Last month’s government white paper on the UK housing crisis openly acknowledges a problem but does not propose much in the way of a solution – particularly where landlords and affordable rental housing are concerned.

What it proposes

The government white paper points explicitly to out-of-control rises in housing prices in recent years and observes that the prospect of buying a home is nothing but a "distant dream" for young families in the UK. So the thrust of the government’s plan is to make it more feasible for these young families to purchase their own property.

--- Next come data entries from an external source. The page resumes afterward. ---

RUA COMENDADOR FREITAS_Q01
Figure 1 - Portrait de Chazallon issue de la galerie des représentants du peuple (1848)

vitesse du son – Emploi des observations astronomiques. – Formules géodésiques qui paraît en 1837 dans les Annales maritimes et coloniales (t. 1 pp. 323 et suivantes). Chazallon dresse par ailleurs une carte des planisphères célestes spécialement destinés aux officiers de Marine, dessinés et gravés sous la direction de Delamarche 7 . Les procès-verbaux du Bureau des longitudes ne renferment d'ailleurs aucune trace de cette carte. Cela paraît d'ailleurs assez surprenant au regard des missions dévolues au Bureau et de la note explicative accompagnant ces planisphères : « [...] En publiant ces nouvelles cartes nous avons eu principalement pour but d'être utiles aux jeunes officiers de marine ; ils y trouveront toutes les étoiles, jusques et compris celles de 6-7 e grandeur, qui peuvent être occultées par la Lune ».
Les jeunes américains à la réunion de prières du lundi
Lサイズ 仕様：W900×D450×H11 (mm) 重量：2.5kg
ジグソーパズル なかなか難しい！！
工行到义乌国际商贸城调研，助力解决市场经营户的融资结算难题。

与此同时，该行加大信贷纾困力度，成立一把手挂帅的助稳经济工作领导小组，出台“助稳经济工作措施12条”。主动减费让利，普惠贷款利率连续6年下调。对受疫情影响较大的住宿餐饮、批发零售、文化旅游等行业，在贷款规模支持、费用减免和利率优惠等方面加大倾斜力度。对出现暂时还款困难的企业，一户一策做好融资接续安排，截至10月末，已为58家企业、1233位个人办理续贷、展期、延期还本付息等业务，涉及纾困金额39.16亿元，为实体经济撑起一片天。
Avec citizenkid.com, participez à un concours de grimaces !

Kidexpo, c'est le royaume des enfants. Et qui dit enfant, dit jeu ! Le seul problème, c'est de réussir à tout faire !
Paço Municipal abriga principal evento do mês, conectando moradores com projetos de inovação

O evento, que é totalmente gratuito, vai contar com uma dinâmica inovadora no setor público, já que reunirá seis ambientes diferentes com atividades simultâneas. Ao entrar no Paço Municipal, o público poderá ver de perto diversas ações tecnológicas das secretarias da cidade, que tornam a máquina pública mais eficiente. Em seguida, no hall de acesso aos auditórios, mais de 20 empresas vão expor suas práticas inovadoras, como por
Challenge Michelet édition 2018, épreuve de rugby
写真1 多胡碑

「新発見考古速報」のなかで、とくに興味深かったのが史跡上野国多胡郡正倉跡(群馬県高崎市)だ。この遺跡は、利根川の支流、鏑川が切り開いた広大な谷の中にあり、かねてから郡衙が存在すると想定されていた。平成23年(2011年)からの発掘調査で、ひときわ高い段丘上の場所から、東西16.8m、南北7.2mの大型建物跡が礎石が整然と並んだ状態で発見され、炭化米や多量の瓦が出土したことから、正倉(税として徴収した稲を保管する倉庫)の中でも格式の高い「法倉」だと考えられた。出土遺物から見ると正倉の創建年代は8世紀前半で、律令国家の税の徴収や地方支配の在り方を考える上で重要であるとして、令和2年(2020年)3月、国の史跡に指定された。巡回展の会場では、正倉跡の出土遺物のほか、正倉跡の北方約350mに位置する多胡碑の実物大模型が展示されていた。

And how do they propose to do this? By increasing the rate of home building by tens of thousands of properties a year. The idea is to flood the market with more supply in order to bring down costs.

Where the problems are

There is nothing wrong, in principle, with supporting more building. But the effects proposed in the white paper will be a long time in the making and may leave landlords and would-be homeowners hanging for several years.

The white paper does nothing about the hefty fees levied on buy-to-let owners by past administrations, like 2016’s hike in stamp duty. These types of fees keep landlords from being able to build and maintain affordable rental housing, which is without a doubt the quickest fix for people looking for a home.

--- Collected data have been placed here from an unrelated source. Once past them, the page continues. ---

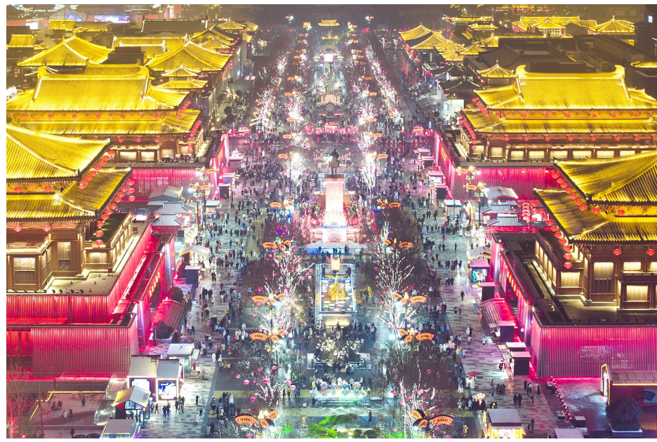
这是2024年2月2日拍摄的西安大唐不夜城景色(无人机照片)。
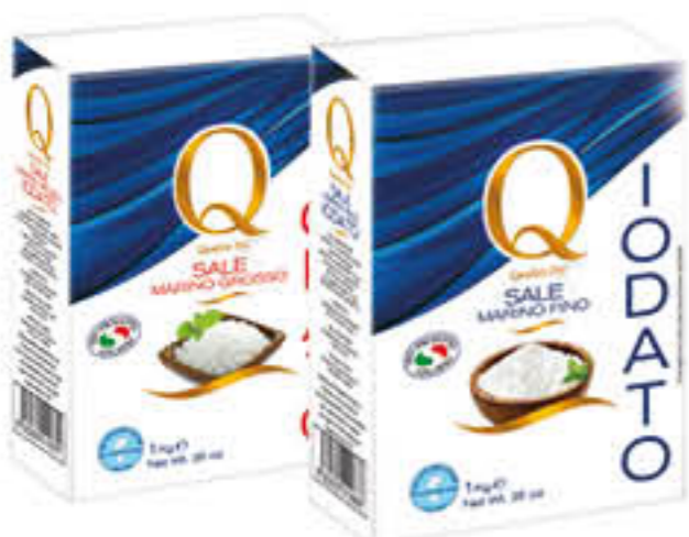
QUALITA' PIU' SALE IODATO FINO/GROSSO 1 KG
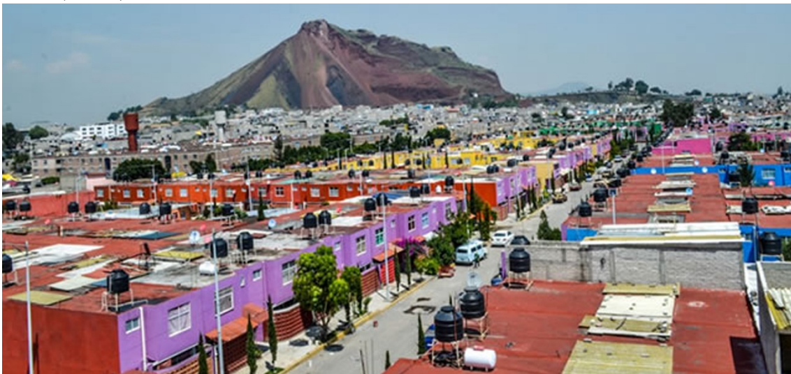
Figura 1. Asentamiento desarrollado a partir del modelo de Producción Social de Hábitat Ciudad de México (México)
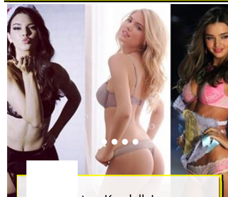
...ton, Kendall Jenner y
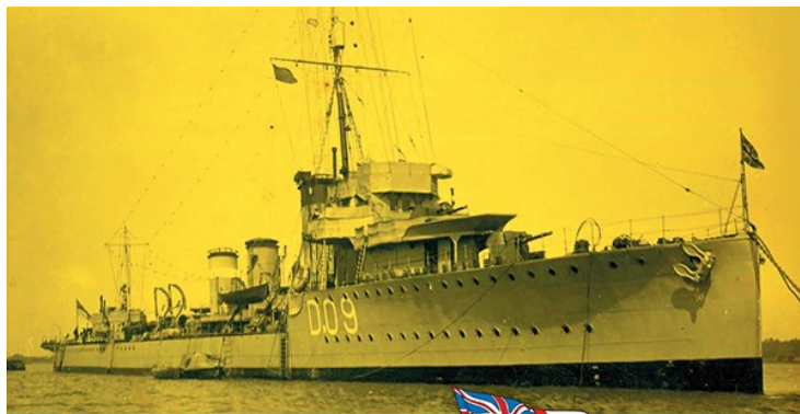
CS70631 英・嚮導駆逐艦シーモア・Eパーツ 付き・1916

全長99m・排水量1440トン・三軸蒸気タービン・速力34ノットQF4インチMk.IV砲4門・2ポンドMk.II砲2基・533mm連装魚雷発射管2基。1914年ニューキャッスル・アボンタイン造船所で着工。1915年就役。1916年第12駆逐隊にてユトランド沖海戦参加。1917年第6駆逐隊に移動。戦争終結まで北方パトロール任務に従事。1919年除籍。1921年解体。
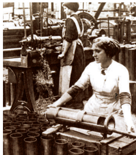
În timpul războiului, tot mai multe femei au părăsit cadrul familial pentru a ocupa o slujbă.

Decolonizarea a fost una dintre consecințele celui de-Al Doilea Război Mondial și a contribuit la schimbarea hărții politice a lumii.
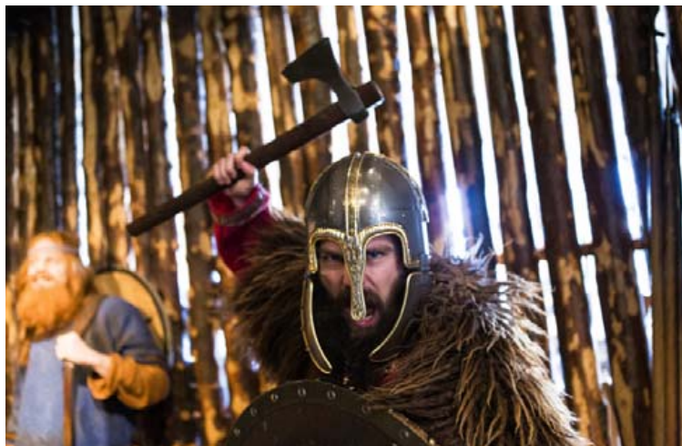
Meðal sýningargripa má nefna Hrafna-Flóka og Egil Skallagrimsson.

„Einnig verður tónlist og leikir en leikjameistari mætir til að sýna krökkunum hvernig víkingabörnin léku sér.“

Additionally, while the white paper acknowledges that "only around 11% of land in England has been built on," it proposes little in the way of expanding the areas available for more building.

The paper’s authors have refused outright to open up now-restricted areas for development. They propose instead that new homeowners may have to manage with smaller living spaces as a result of urban congestion. That's hardly a solution when there is so much of the country left to build on.

What to do

The government needs to start by repealing the mistakes of past administrations, including the hefty stamp duty tax and limits on long tenancies.

While these ideas were well intentioned, they actively prevent buy-to-let landlords from providing affordable housing for those who do not currently have the savings to buy.

They also restrict the freedom of choice on the part of people who would prefer to rent.

Not everyone is ultimately looking to be a homebuyer. The upward trend in renting in recent years is not just a result of market forces, but lifestyle changes as well.

As young people are increasingly mobile, changing jobs, entire careers, and cities every few years, it makes sense that many of them would prefer renting to buying. Hampering landlords from being able to supply affordable housing does nothing for this demographic.

Additionally, the government needs to remain open to building in places that were previously undeveloped. The country does not just need more homes; it needs more homes in the right places. Whether or not it sits well with many politicians, this may mean opening up previously restricted areas to build.